The unemployment rate in the United States is 3.7%. Pretty good — people having jobs is great. And it’s actually part of the Federal Reserve’s job to keep unemployment down. But the Fed has a fear that if the unemployment rate gets too low, prices could rise too much in the economy (it’s also the Fed’s job to keep prices stable).

That fear is based on a relationship called the Phillips curve, which takes many forms but amounts to this: The less slack there is in the economy (often represented by the unemployment rate), the more pressure driving wages up. And from there comes another relationship often referred to as the Phillips curve: The lower the unemployment rate, the more prices rise.

These relationships have been on display at different moments in American history. But not so much recently, at least with regard to the relationship between unemployment and inflation. Fed Chair Jerome Powell said the relationship between slack in the economy and inflation was “a faint heartbeat.”

It’s visible at the state and city level, said Alan Detmeister, an economist at UBS who used to work at the Fed. And low unemployment has driven up wages, though not as much as most workers would like.

“If the unemployment rate is high so there’s lots of people looking for work, then employers don’t have to offer wages that are as high. Simple supply and demand,” explains Stephen Cecchetti, professor of international finance at Brandeis International Business School.

Here’s a chart of average hourly earnings, provided by UBS:

(Courtesy UBS)

Similarly, low unemployment has corresponded to rising rents and housing costs.

“When people are employed getting higher wages, they will tend to spend more money on shelter,” said UBS’s Detmeister.

But that link to inflation generally? Just doesn’t seem to be operating.

“The link between domestic wages and domestic prices is much weaker because of globalization,” Cecchetti said. The economy’s not a cute little self-contained box. We buy stuff from around the world. Prices are affected by things going on out in that world.
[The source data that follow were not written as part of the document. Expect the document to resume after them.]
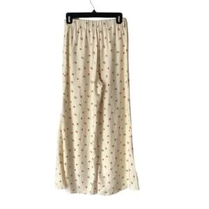Feather Bone Anthropologie Cream Cherry Print Wide Leg Pants size 0
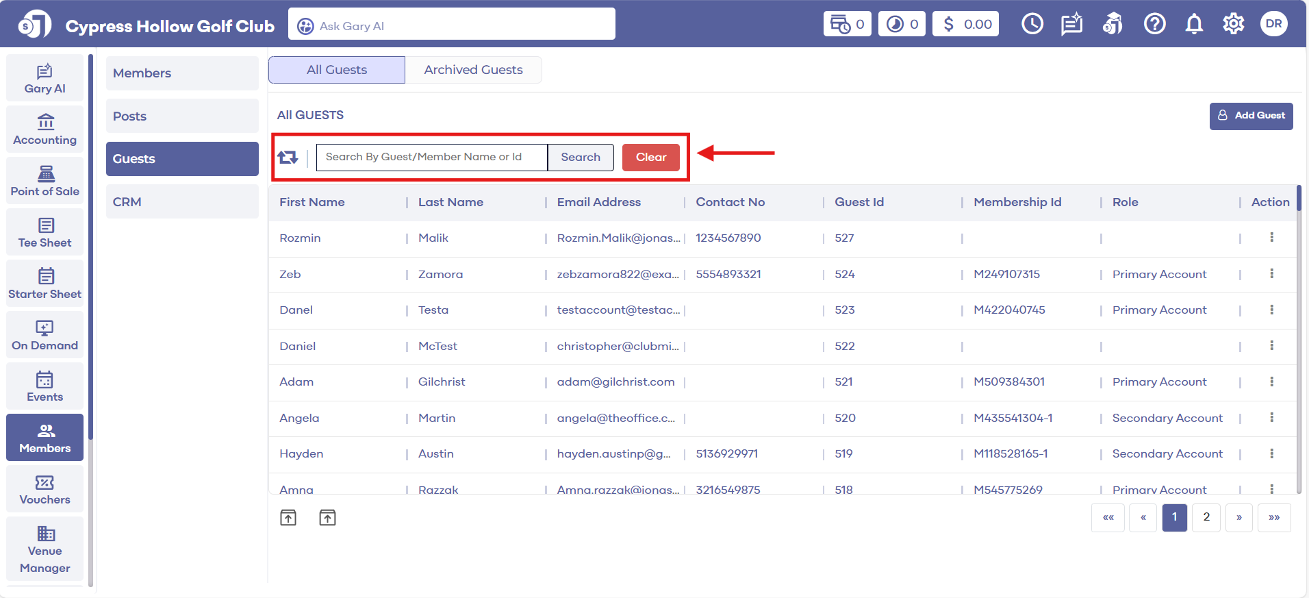 Search: Search the member by their Membership ID number or enter a Guest name and click on Search. The system will generate the list of members.
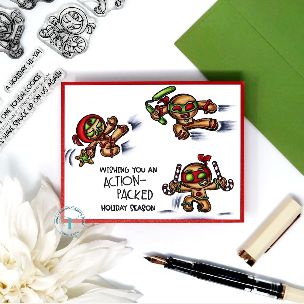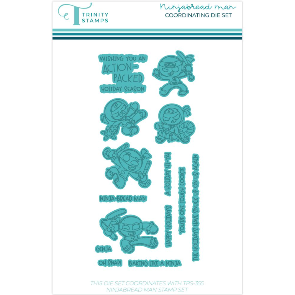 The Trinity Stamps Ninja Bread Man Die Set includes 14 dies that perfectly cut out all the images from the coordinating 4 x 8 inch Ninja Bread Man stamp set (sold separately). This set makes it easy to create fun, precision-cut Ninja cookie characters for your holiday projects.
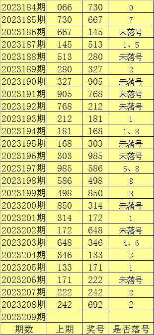 福彩3D第2023208奖号692,重号落号。在最近100期(第2023109期-2023208期)中,重号落号61期;最近20期重号落号概率为60%;最近10期重号落号概率为70%。本期预计重号可能落号。
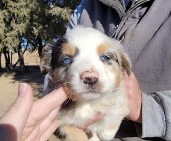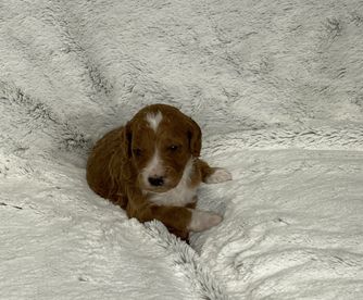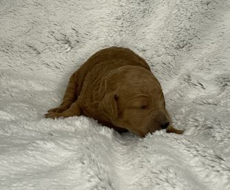 Our Goldendoodle puppies are red. Labradoodle puppies include red, cream, chocolate, and black. Miniature Australian Shepherd puppies include blue merle and red merle. Colors will vary depending on the parent dogs.
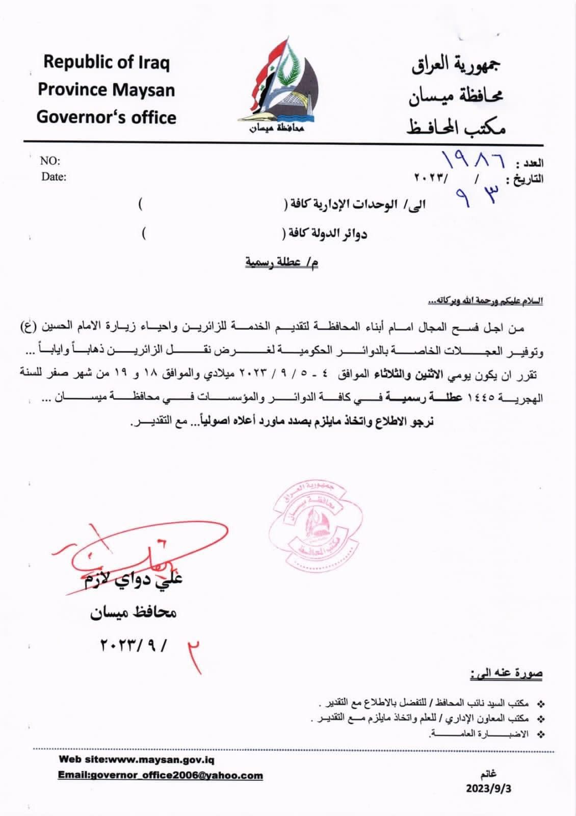 وبحسب وثيقة صادرة عن محافظ ميسان علي دواي ، فإنه “تقرر تعطيل الدوام الرسمي يومي الاثنين والثلاثاء الموافق 4-5/9/2023 في كافة الدوائر والمؤسسات في محافظة ميسان”.

Another reason it’s gotten harder to tell when inflation’s going to get out of control is it’s been forever since it was out of control.

“The Fed has been very good at keeping inflation relatively constant since the late ’90s so that inflation doesn’t get into individuals’ expectations,” Detmeister said.

Inflation, having been so stable for so long, doesn’t get into people’s heads — they don’t worry about it, companies aren’t paranoid about it. They don’t change their prices that often. So inflation doesn’t really move much or very quickly.

There’s a range of views on whether the Phillips curve relationship between unemployment and inflation is operating in the background or whether it’s just dormant altogether. Detmeister, for example, said: “The Phillips curve isn’t just a near-term relationship, it’s a longer-run business-cycle relationship, a general guide for the trajectory of prices and wages, and is not a short-term month-over-month or quarter-over-quarter relationship.”

Max Gillman, professor of economic history at the University of Missouri-St. Louis, puts a different spin on it.

“The Phillips curve only arises at certain periods of time. We’re not in one of those periods of a severe recession or a world war buildup involving a lot of government expenditure — we’re not in one of those periods.”

Wherever the Phillips curve is, whatever its operation, it appears to have gotten harder for the Fed to tell whether the unemployment rate is too low and whether high inflation is just around the corner. But the flip side is, maybe it’s not so urgent. The Fed probably doesn’t have to worry too much that anything crazy is going to happen with inflation all of a sudden any time soon.